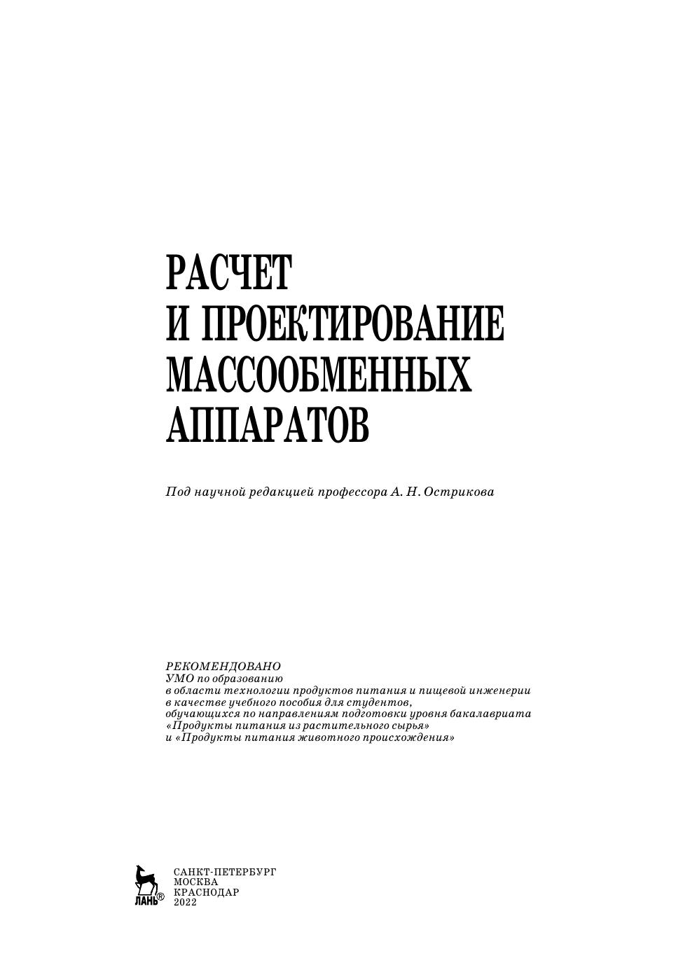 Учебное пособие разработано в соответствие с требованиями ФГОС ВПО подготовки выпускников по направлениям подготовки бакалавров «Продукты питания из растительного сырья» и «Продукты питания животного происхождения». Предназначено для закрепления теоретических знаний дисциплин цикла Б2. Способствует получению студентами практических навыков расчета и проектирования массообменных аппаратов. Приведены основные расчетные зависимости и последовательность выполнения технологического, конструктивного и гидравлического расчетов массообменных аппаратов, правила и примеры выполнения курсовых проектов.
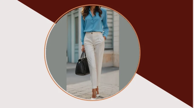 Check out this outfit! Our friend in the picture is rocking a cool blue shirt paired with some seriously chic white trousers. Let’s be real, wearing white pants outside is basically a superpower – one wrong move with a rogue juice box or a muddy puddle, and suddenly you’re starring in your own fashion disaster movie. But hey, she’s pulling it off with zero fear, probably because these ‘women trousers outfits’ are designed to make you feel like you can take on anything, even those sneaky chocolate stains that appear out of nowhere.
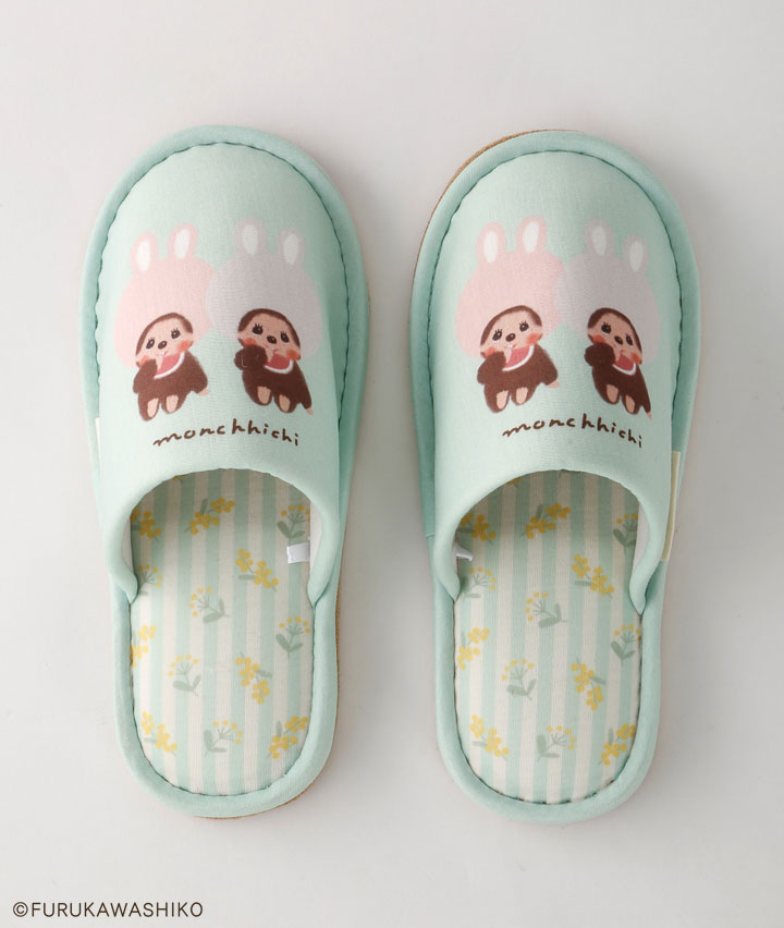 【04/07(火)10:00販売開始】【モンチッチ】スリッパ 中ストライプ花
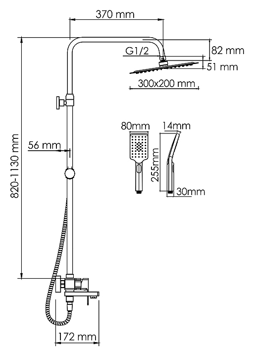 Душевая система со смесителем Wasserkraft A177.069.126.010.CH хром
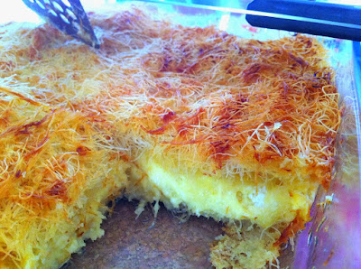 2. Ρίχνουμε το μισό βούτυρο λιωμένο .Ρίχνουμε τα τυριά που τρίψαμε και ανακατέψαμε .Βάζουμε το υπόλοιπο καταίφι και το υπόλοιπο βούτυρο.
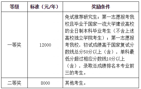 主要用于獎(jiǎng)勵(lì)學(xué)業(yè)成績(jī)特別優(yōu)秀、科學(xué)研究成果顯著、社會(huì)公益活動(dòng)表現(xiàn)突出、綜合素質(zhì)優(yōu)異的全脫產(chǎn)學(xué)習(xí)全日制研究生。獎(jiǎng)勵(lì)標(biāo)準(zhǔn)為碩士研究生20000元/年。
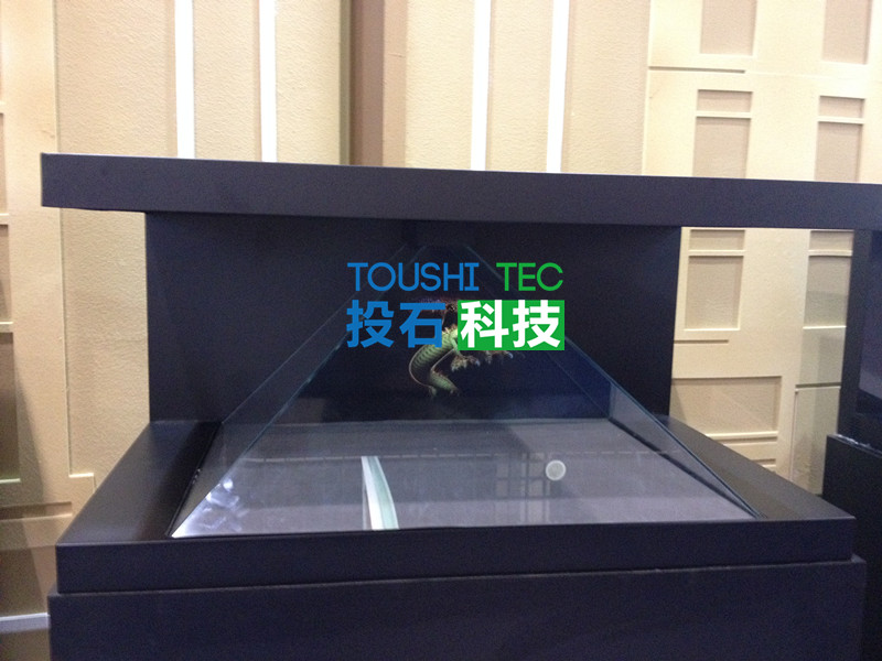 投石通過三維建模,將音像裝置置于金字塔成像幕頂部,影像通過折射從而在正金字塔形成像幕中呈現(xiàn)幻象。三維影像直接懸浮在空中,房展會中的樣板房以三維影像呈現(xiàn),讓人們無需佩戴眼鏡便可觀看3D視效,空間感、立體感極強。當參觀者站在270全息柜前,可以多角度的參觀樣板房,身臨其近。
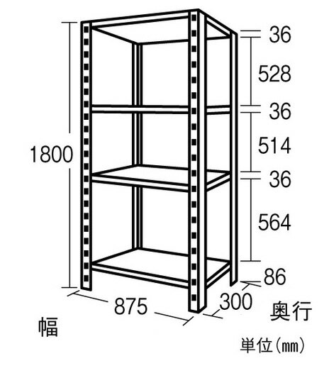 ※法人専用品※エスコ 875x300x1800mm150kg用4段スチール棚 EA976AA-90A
- - - - - - -
### Your task
Pictures aside, set down the lines from the one containing "Душевая система со" through the end of the records above, exactly and only those.

### Your solution
 Душевая система со смесителем Wasserkraft A177.069.126.010.CH хром
 2. Ρίχνουμε το μισό βούτυρο λιωμένο .Ρίχνουμε τα τυριά που τρίψαμε και ανακατέψαμε .Βάζουμε το υπόλοιπο καταίφι και το υπόλοιπο βούτυρο.
 主要用于獎(jiǎng)勵(lì)學(xué)業(yè)成績(jī)特別優(yōu)秀、科學(xué)研究成果顯著、社會(huì)公益活動(dòng)表現(xiàn)突出、綜合素質(zhì)優(yōu)異的全脫產(chǎn)學(xué)習(xí)全日制研究生。獎(jiǎng)勵(lì)標(biāo)準(zhǔn)為碩士研究生20000元/年。
 投石通過三維建模,將音像裝置置于金字塔成像幕頂部,影像通過折射從而在正金字塔形成像幕中呈現(xiàn)幻象。三維影像直接懸浮在空中,房展會中的樣板房以三維影像呈現(xiàn),讓人們無需佩戴眼鏡便可觀看3D視效,空間感、立體感極強。當參觀者站在270全息柜前,可以多角度的參觀樣板房,身臨其近。
 ※法人専用品※エスコ 875x300x1800mm150kg用4段スチール棚 EA976AA-90A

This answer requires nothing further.